## SUPPLIED DATA
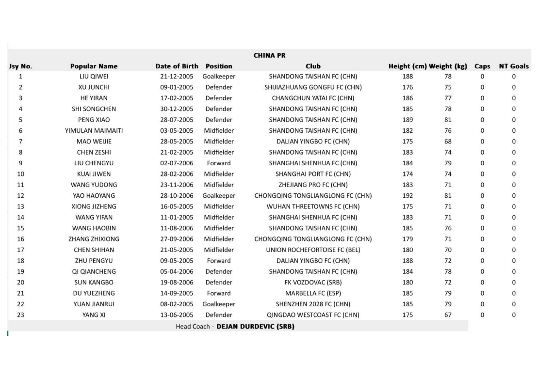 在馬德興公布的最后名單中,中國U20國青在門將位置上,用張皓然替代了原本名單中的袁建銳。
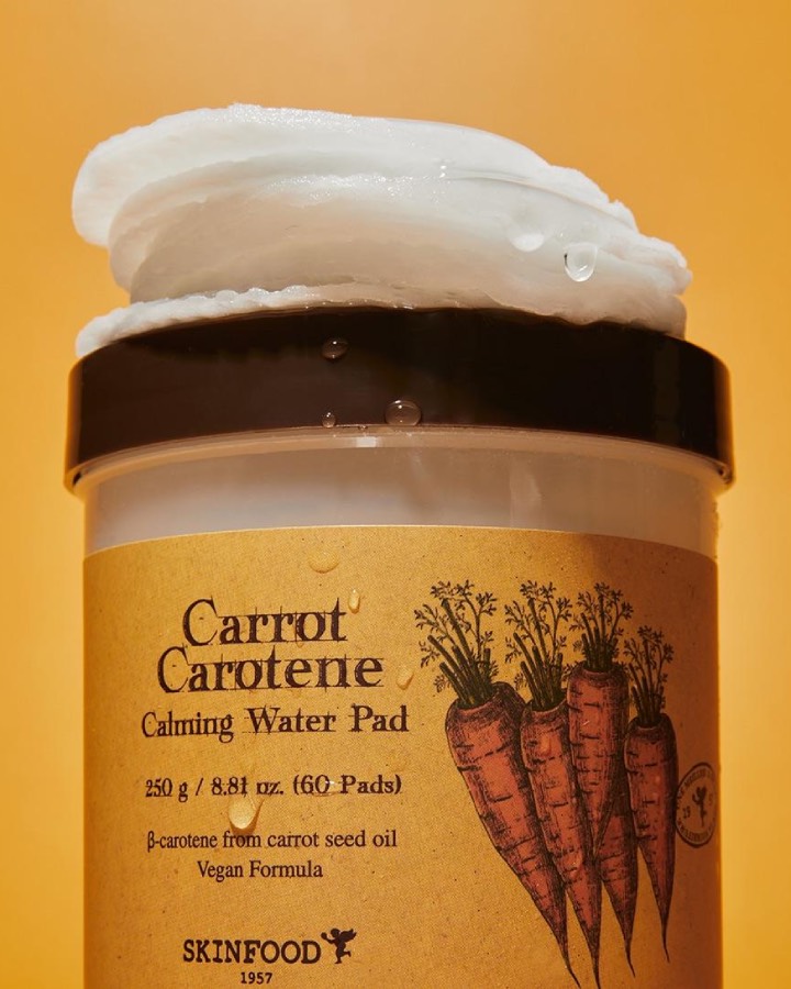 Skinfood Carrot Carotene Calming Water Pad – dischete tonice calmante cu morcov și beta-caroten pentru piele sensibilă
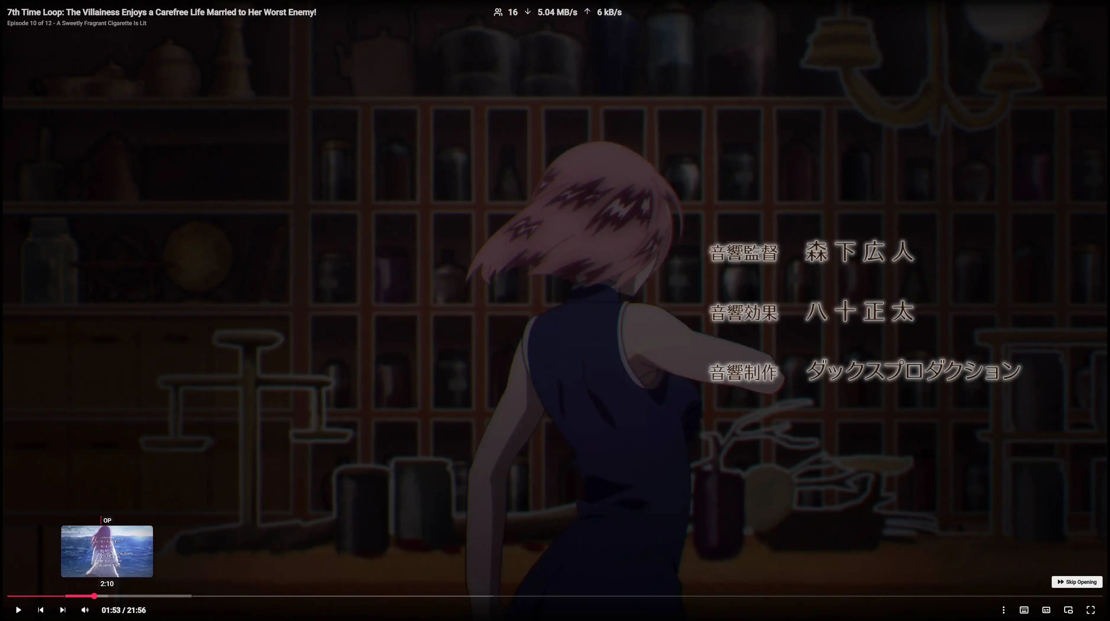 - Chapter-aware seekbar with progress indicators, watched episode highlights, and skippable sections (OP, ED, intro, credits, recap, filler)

## WHAT IS EXPECTED
In your copy of the data above, leave out the pictures and repeat everything else exactly.

## OUTPUT BELOW
 在馬德興公布的最后名單中,中國U20國青在門將位置上,用張皓然替代了原本名單中的袁建銳。
 Skinfood Carrot Carotene Calming Water Pad – dischete tonice calmante cu morcov și beta-caroten pentru piele sensibilă
 - Chapter-aware seekbar with progress indicators, watched episode highlights, and skippable sections (OP, ED, intro, credits, recap, filler)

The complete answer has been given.